Substrate

The substrate is the road-constrained spatial scaffold used by models and simulators:

  • a road graph (OSMnx GraphML)

  • a regular grid (cell centroids)

  • sparse travel-time neighbourhoods between grid cells

  • optional POI feature matrix aligned to the grid

Building

Use SubstrateBuilder(SubstrateConfig(...)).build() (or the CLI wrapper) to build and optionally cache artefacts.

SubstrateConfig supports three ways to specify the region:

  • bbox=(north,south,east,west) via the individual fields north/south/east/west

  • place="..." (OSM place query)

  • graphml_path="..." (offline / tests)

Cache artefacts

If cache_dir is set, the builder writes a self-contained cache directory:

  • graph.graphml

  • grid.npz

  • neighbours.npz

  • meta.json

  • poi.npz (optional)

Cache contents (v2)

graph.graphml

Road network saved via osmnx.save_graphml.

grid.npz

A compressed NumPy archive with:

  • lat: float64, shape (n_cells,) — grid cell centroid latitudes (EPSG:4326)

  • lon: float64, shape (n_cells,) — grid cell centroid longitudes (EPSG:4326)

  • cell_size_m: float64, shape (1,) — grid spacing in metres

neighbours.npz

A SciPy sparse matrix saved via scipy.sparse.save_npz.

  • matrix type: CSR (.tocsr() on load)

  • shape: (n_cells, n_cells)

  • entries: travel_time_s[i, j] = shortest-path travel time (seconds) from cell i to j, for all j reachable within max_travel_time_s (plus the diagonal)

poi.npz (optional)

Present when POIs are enabled.

  • x: float64, shape (n_cells, n_features) — POI feature matrix aligned to the grid

  • feature_names: object array of strings, length n_features

meta.json

Human-readable cache metadata.

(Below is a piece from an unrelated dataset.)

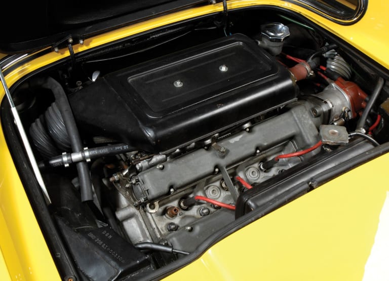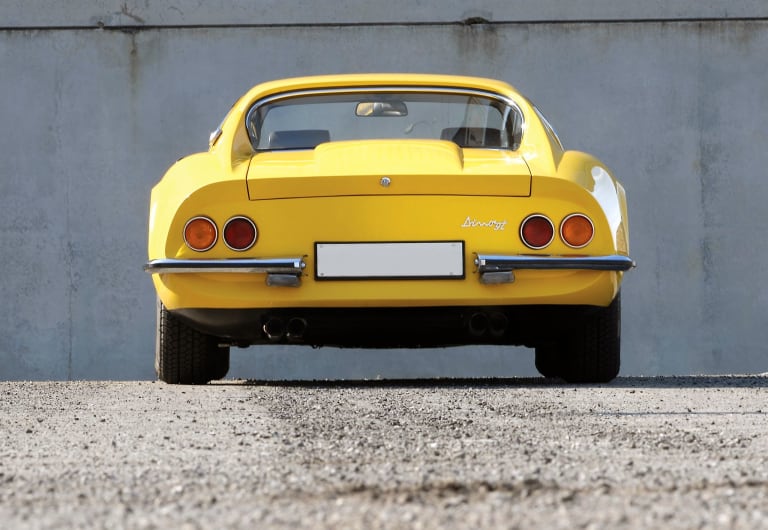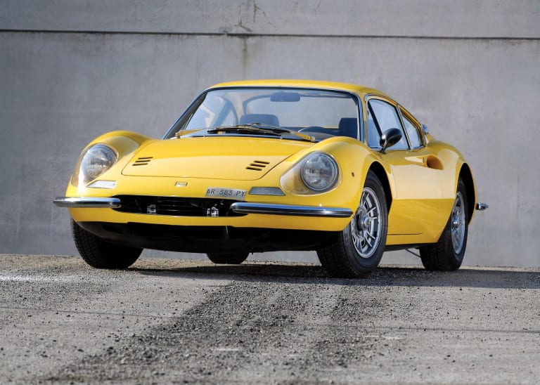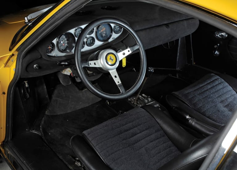 Les galbes généreux des ailes avant – leur perspective est toujours émouvante depuis l’habitacle -, la lunette concave, les panneaux de custode élégamment prolongés jusqu’au pan coupé de la poupe et le profil scarifié par une prise d’air s’épanouissant dans l’aile arrière pour venir mourir au sommet de la portière définissent un design saisissant, en particulier si on le compare aux « vraies » Ferrari de ce temps-là. Indéniablement, du point de vue du style comme de la technique, la Dino est un véhicule exploratoire, qui défriche l’avenir avec une hardiesse que s’interdisent encore ses grandes sœurs plus noblement dénommées. Les futures BB et 308 GTB doivent beaucoup à cette série, dont la 206 GT n’est, en définitive, qu’une sorte d’ébauche à la gestation difficile : les premiers acquéreurs ne seront livrés qu’au printemps 1969 – c’est-à-dire quelques mois seulement avant la présentation de la 246 GT à Turin, à l’automne de la même année, plus aboutie et nantie d’un moteur dont la cylindrée passe à 2418 cm3 pour 195 chevaux et dont l’empattement gagne six centimètres, engendrant une meilleure stabilité. Il fallait bien cela pour engager la lutte contre une Porsche 911 de plus en plus ambitieuse… De nos jours, ce sont la grande rareté du modèle et son intérêt historique qui ont hissé sa cote à des niveaux stratosphériques : en 2025, RM Sotheby’s a ainsi vendu une 206 GT pour près de 650 000 dollars !

Keys:

  • cache_format_version (int)

  • built_at_utc (UTC timestamp, YYYY-MM-DDTHH:MM:SSZ)

  • motac_version (string)

  • config (dict) — normalized subset of SubstrateConfig fields

  • graphml_path (string) — path of the GraphML used by the cache (when cached, this points at cache_dir/graph.graphml)

  • has_poi (bool)

Cache format versioning

The cache includes meta.json["cache_format_version"]. The loader accepts supported versions (currently v1 and v2) and raises for unsupported versions.

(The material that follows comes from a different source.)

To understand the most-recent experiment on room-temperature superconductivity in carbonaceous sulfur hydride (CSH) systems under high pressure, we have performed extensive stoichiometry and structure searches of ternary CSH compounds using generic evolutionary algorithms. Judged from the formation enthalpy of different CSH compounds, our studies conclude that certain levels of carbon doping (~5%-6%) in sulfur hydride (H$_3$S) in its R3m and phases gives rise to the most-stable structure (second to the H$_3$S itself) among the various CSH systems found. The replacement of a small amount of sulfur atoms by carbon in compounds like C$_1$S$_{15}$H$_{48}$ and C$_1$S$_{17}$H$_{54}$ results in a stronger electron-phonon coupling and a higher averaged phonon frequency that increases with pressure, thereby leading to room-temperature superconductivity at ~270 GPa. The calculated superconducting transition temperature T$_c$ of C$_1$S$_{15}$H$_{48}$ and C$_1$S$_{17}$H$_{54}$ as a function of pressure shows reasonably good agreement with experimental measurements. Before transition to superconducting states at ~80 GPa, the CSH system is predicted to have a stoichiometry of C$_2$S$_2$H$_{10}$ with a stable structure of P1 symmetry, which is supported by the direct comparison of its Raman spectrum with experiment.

Loading a cached directory (with version validation)

Minimal example: load cache + validate version {#cache-load-validate-version}

SubstrateBuilder.build() validates the cache format version automatically, but if you want an explicit, human-readable guard before doing any work you can read meta.json yourself:

from __future__ import annotations

import json
from pathlib import Path

from motac.spatial import SubstrateBuilder, SubstrateConfig

cache_dir = Path("./cache/camden")
meta = json.loads((cache_dir / "meta.json").read_text())

# Fast fail if the on-disk cache is from an unsupported format.
if meta.get("cache_format_version") not in SubstrateBuilder.SUPPORTED_CACHE_FORMAT_VERSIONS:
    raise ValueError(
        "Unsupported substrate cache format version: "
        f"{meta.get('cache_format_version')} (supported {SubstrateBuilder.SUPPORTED_CACHE_FORMAT_VERSIONS})"
    )

# Loads graph.graphml, grid.npz, neighbours.npz (and optionally poi.npz).
substrate = SubstrateBuilder(SubstrateConfig(cache_dir=str(cache_dir))).build()
print(substrate.grid.lat.shape, substrate.neighbours.travel_time_s.shape)

If cache_dir already contains a cache directory, SubstrateBuilder.build() loads it and validates cache_format_version automatically:

from motac.spatial import SubstrateBuilder, SubstrateConfig

# Point at a previously built cache directory containing:
# graph.graphml, grid.npz, neighbours.npz, meta.json (and optionally poi.npz)
cache_dir = "./cache/camden"

try:
    substrate = SubstrateBuilder(SubstrateConfig(cache_dir=cache_dir)).build()
except ValueError as e:
    # Raised e.g. when meta.json["cache_format_version"] is unsupported.
    raise

# Use the loaded substrate.
print(substrate.grid.lat.shape, substrate.neighbours.travel_time_s.shape)

POI features

If POIs are enabled, Substrate.poi is a POIFeatures object with:

  • x: shape (n_cells, n_features)

  • feature_names: list of feature names, aligned to columns of x

By default we always include:

  • poi_count: total number of POIs assigned to each grid cell

Tag/value breakout counts

If SubstrateConfig.poi_tags is provided, we also add optional breakout count features based on POI properties:

  • If {"amenity": True} then we add a feature named amenity counting POIs with a non-null amenity property.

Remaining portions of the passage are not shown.